I cannot believe all that God has done since my first back to school retreat at Harvester in 7th grade. Here’s some thoughts that have come to me heart this weekend as I’ve looked back to all God has done.

If you would’ve told me where I’d be at right now back then I would’ve never believed you. But that’s what God does. When we take our agendas and lay them down he takes us on a journey you’d never believe but never want anything else.

As I look back on all the amazing retreats and camps and experiences I’ve had I cannot say anything without thanking all the leaders who have had an impact on my life from 7th grade until now. All the endless conversations, cry sessions, jam sessions, and just being there everyday. There’s way to many to thank but know you’ve all had a huge impact on my life.

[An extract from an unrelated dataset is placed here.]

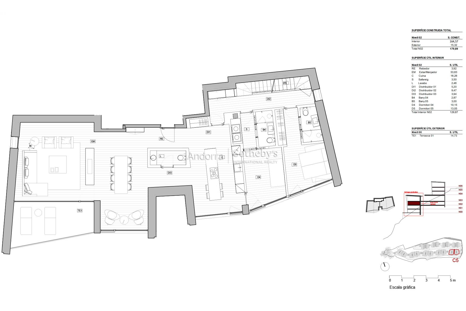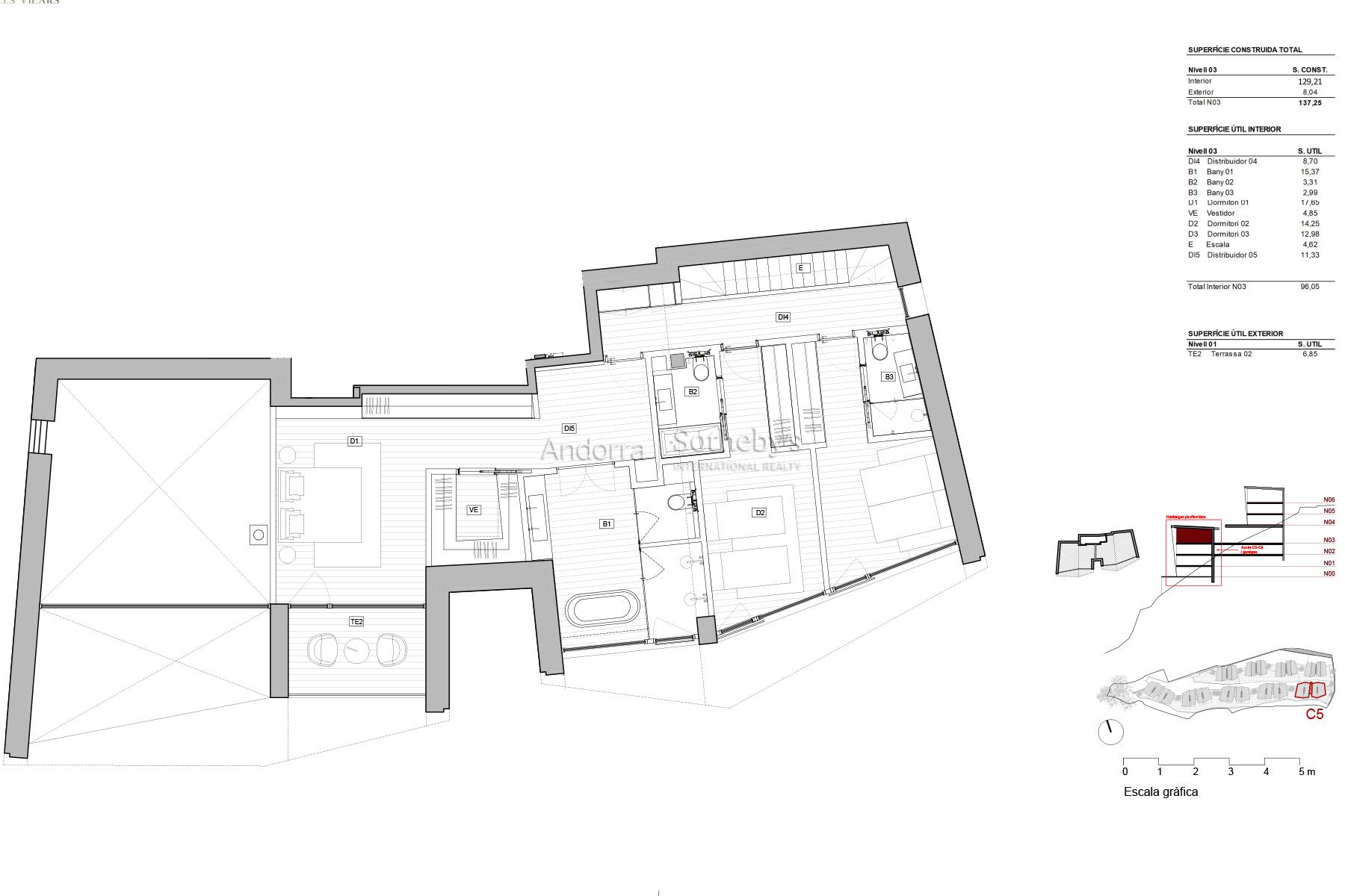 VIVIENDA 5.3 Bienvenido a su nuevo hogar, donde la elegancia se une a la naturaleza en un entorno privilegiado. Situado en Els Vilars, Escaldes, este espectacular dúplex es la opción perfecta para aquellos que buscan un exquisito equilibrio entre tranquilidad y comodidad, a tan solo unos minutos del vibrante centro de la capital andorrana. Con una arquitectura sostenible, esta exclusividad destaca por amplias aberturas que permiten que la luz natural inunde cada rincón, creando una atmósfera de serenidad. Las espectaculares vistas sobre Escaldes y las majestuosas montañas que lo rodean aportan un valor añadido, mientras que su orientación sur garantiza una iluminación excelente durante todo el día, desde el amanecer hasta el atardecer. Este inmueble plurifamiliar ocupa la segunda planta y el ático del edificio más emblemático de la promoción. Cuenta con 5 dormitorios en suite, un baño de invitados y dos terrazas que invitan a disfrutar del exterior. La planta baja del dúplex ofrece una sala de estar de generosas dimensiones con doble altura, equipada con una chimenea singular que separa el área del comedor, creando ambientes distintivos en un solo espacio. La cocina, de gran formato con isla central, se complementa con un dormitorio de servicio con lavadero y un dormitorio en suite. En el ático, encontramos tres dormitorios en suite, entre los cuales destaca el dormitorio principal, que impresiona por sus dimensiones, acceso directo a la terraza y las vistas más espectaculares de Escaldes. Con orientaciones sur, este y oeste, esta propiedad no solo destaca por su belleza exterior, sino también por un diseño pensado para el ahorro energético. El conjunto se complementa con jardines y zonas verdes, ofreciendo un espacio de vida íntimo y placentero. Descubra la verdadera esencia de la vida andorrana en este dúplex único, donde cada detalle ha sido cuidadosamente seleccionado para ofrecerle el máximo confort y una vida llena de armonía y belleza. Bienvenidos a casa.Características

I cannot look back on all these memories and not sent all that the Lord has done in my life either. I started 7th grade as a timid, perfectionist who really wanted to fit in. I didn’t know a lot about myself and had a lot to learn. But one thing is for sure I wanted to pursue Jesus but didn’t really know how to get. Boy has Jesus done a work in my life. This WKND as a senior in high school I was able to have a different view of the weekend. I was able to see all these younger students pursue Jesus maybe for the first time and I just became overwhelmed with joy and emotion that i literally could not speak after the session last night. I just saw students meeting the Lord and pursuing him in a way they probably haven’t ever done before. It made me think back to when i when i was their age and i was able to pursue Jesus for the first time. It was such a sweet time for me to experience. I just felt a new sense of joy seeing so may younger students be able to meet Jesus like I did years ago. I cannot believe how amazing God is. He’s taught me so much, brought so much to my life, and given me such amazing people throughout this time. There’s no denying there’s been some times where I really just wanted to run away from Christ, but praise Jesus he doesn’t give up on me when I give up on him. I’ve found that when I give my trust to Jesus instead of trying to figure out things on my own, my entire life may not make sense but I know God makes sense of the mess and brings peace in the unknowns. There’s so much that God has done and so much he is still doing in my life. I’m grateful for everyone who has been on this journey with me and I’m excited to continue it into the next phase of my life.